[WHAT YOU WILL DO] Begin your copy at the line with "A Alemanha buscou, nos" in the records below and end it at the line with "- Sistem suspensi", restating each line word for word; omit the pictures.

[STUDY MATERIAL]
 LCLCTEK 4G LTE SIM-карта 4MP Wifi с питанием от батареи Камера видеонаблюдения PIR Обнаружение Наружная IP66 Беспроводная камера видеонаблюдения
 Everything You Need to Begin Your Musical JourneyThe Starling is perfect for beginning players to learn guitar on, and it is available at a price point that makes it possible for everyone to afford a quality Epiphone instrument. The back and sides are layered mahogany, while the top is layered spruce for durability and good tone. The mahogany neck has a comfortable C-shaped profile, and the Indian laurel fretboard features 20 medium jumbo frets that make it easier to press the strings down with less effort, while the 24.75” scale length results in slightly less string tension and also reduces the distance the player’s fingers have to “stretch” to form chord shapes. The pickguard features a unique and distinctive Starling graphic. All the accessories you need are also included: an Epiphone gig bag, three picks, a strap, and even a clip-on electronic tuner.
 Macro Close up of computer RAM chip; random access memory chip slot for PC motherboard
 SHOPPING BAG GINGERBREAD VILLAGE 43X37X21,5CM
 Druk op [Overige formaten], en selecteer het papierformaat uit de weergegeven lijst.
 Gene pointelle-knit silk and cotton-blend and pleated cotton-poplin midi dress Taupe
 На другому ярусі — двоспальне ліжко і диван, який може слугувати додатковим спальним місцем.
* * *
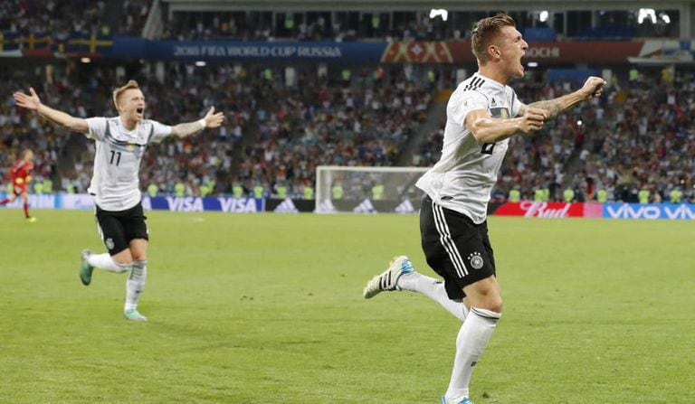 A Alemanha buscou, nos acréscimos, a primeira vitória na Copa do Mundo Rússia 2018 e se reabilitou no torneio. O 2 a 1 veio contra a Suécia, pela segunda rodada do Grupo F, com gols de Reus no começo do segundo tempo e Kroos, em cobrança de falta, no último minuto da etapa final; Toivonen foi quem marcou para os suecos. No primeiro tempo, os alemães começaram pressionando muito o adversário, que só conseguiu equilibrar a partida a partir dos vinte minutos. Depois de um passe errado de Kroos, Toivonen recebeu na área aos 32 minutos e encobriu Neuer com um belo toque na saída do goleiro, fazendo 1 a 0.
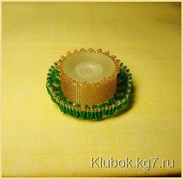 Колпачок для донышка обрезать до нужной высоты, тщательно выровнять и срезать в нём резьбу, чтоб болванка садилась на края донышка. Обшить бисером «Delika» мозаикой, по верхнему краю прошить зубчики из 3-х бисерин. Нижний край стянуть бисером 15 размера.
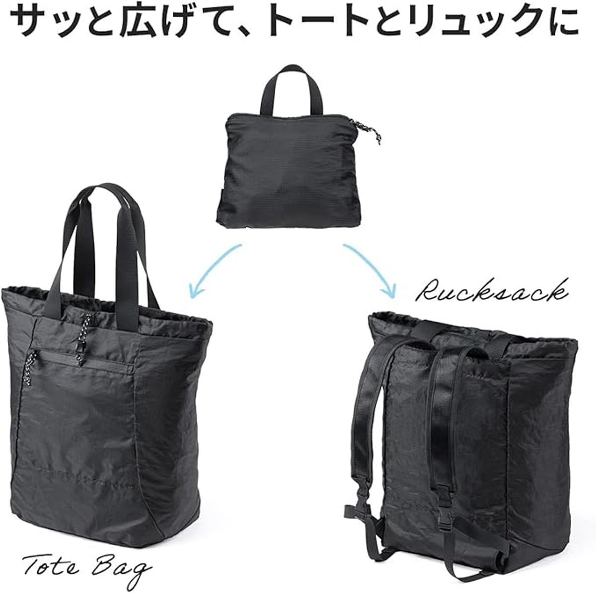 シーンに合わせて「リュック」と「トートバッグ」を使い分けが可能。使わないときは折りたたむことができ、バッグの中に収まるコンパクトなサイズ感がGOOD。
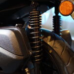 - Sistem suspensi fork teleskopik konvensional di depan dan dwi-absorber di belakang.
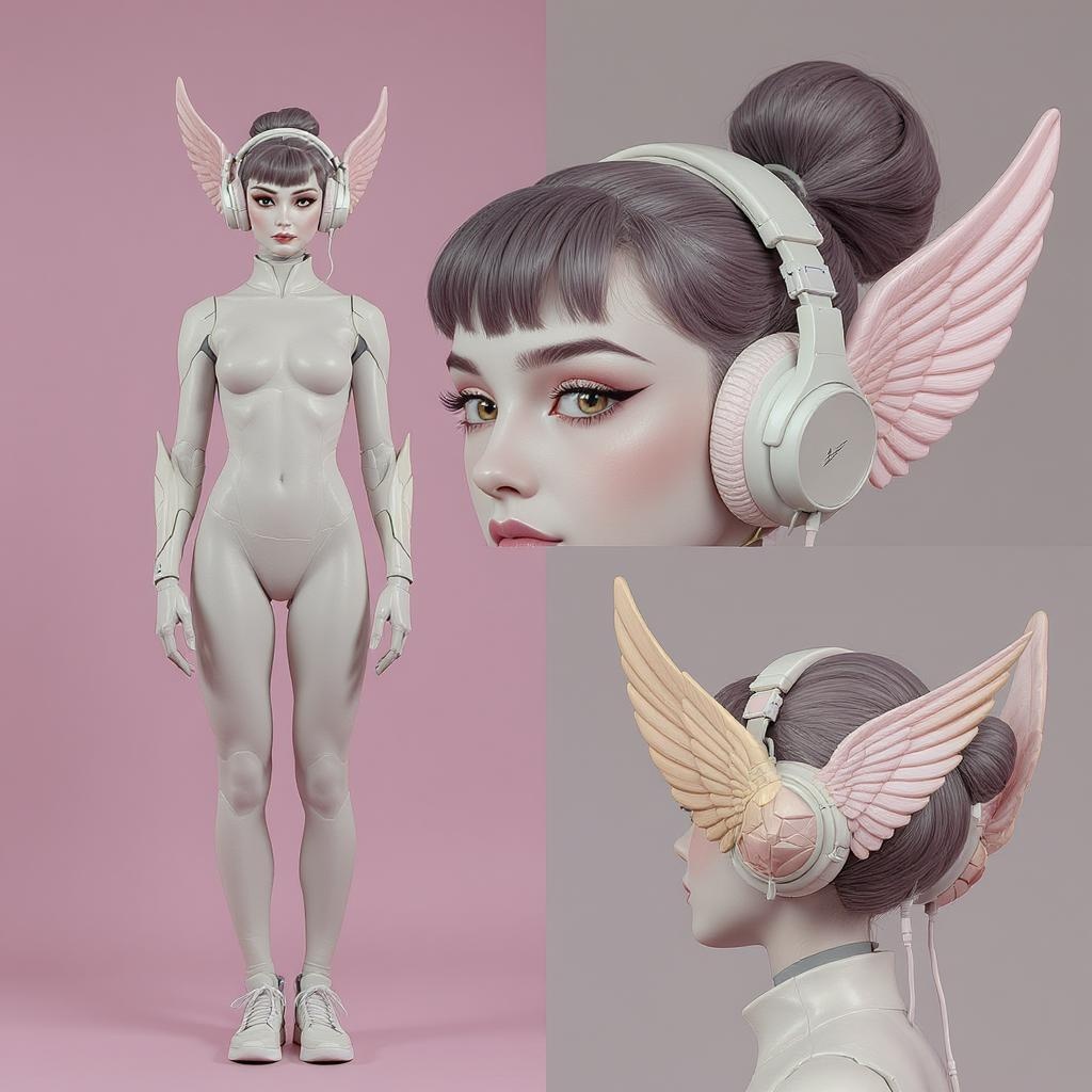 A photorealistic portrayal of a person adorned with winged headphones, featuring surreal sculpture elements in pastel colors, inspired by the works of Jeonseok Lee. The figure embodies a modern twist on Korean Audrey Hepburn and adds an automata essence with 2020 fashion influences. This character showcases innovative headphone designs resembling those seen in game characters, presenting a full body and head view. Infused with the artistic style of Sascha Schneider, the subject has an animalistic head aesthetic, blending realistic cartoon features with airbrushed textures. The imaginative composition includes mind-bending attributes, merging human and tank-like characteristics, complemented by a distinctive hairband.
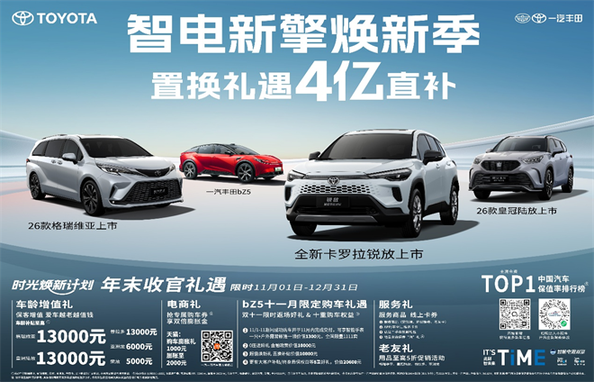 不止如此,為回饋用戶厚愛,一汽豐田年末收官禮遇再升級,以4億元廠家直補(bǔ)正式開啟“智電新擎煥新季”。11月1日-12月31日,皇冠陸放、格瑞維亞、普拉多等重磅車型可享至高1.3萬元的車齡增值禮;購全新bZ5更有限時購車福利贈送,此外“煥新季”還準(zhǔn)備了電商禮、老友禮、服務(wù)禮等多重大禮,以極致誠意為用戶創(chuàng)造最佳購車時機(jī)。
* * *
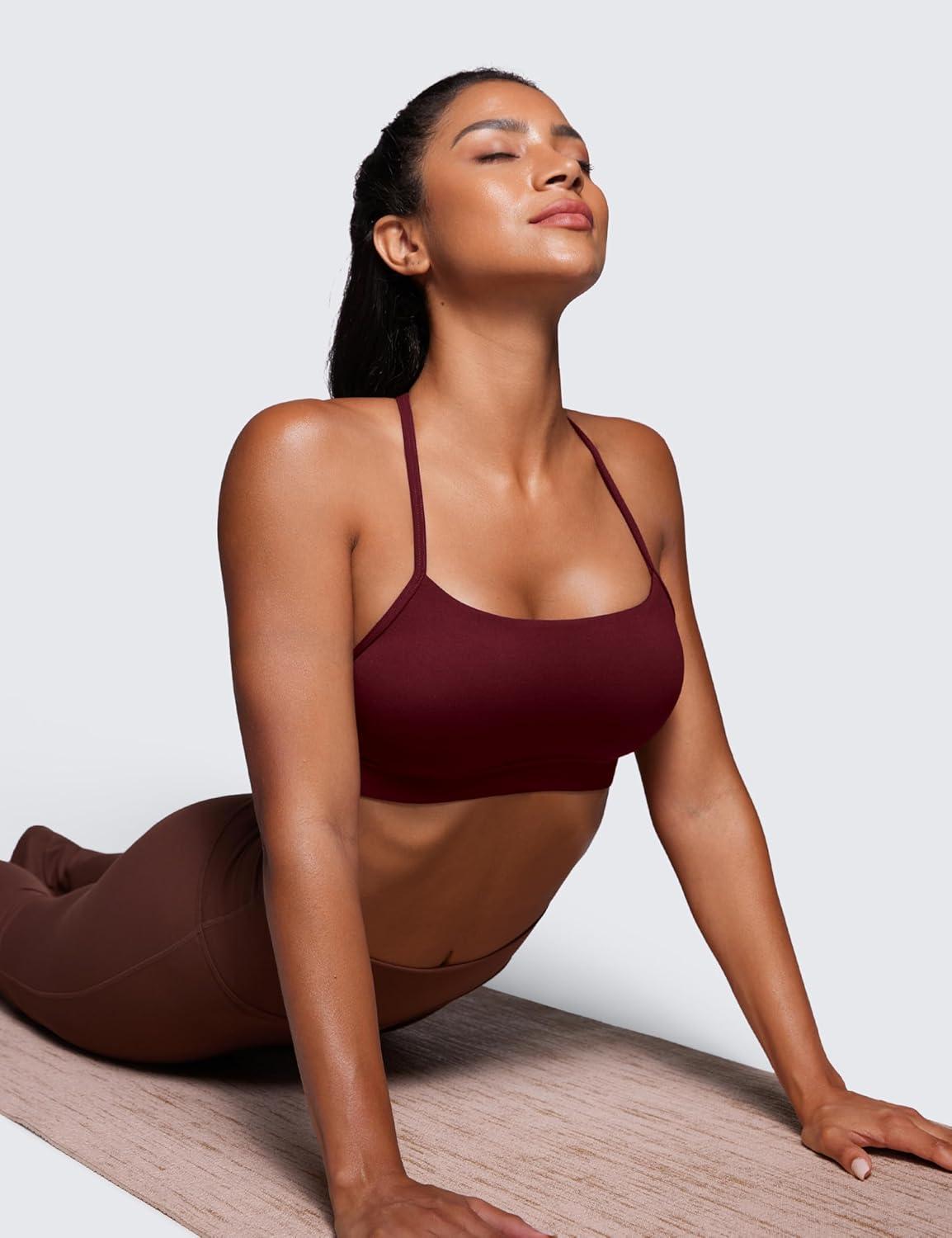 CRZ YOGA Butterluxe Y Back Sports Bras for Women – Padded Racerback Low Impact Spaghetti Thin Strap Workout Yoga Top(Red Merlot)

[RESPONSE TO THE EXERCISE]
 A Alemanha buscou, nos acréscimos, a primeira vitória na Copa do Mundo Rússia 2018 e se reabilitou no torneio. O 2 a 1 veio contra a Suécia, pela segunda rodada do Grupo F, com gols de Reus no começo do segundo tempo e Kroos, em cobrança de falta, no último minuto da etapa final; Toivonen foi quem marcou para os suecos. No primeiro tempo, os alemães começaram pressionando muito o adversário, que só conseguiu equilibrar a partida a partir dos vinte minutos. Depois de um passe errado de Kroos, Toivonen recebeu na área aos 32 minutos e encobriu Neuer com um belo toque na saída do goleiro, fazendo 1 a 0.
 Колпачок для донышка обрезать до нужной высоты, тщательно выровнять и срезать в нём резьбу, чтоб болванка садилась на края донышка. Обшить бисером «Delika» мозаикой, по верхнему краю прошить зубчики из 3-х бисерин. Нижний край стянуть бисером 15 размера.
 シーンに合わせて「リュック」と「トートバッグ」を使い分けが可能。使わないときは折りたたむことができ、バッグの中に収まるコンパクトなサイズ感がGOOD。
 - Sistem suspensi fork teleskopik konvensional di depan dan dwi-absorber di belakang.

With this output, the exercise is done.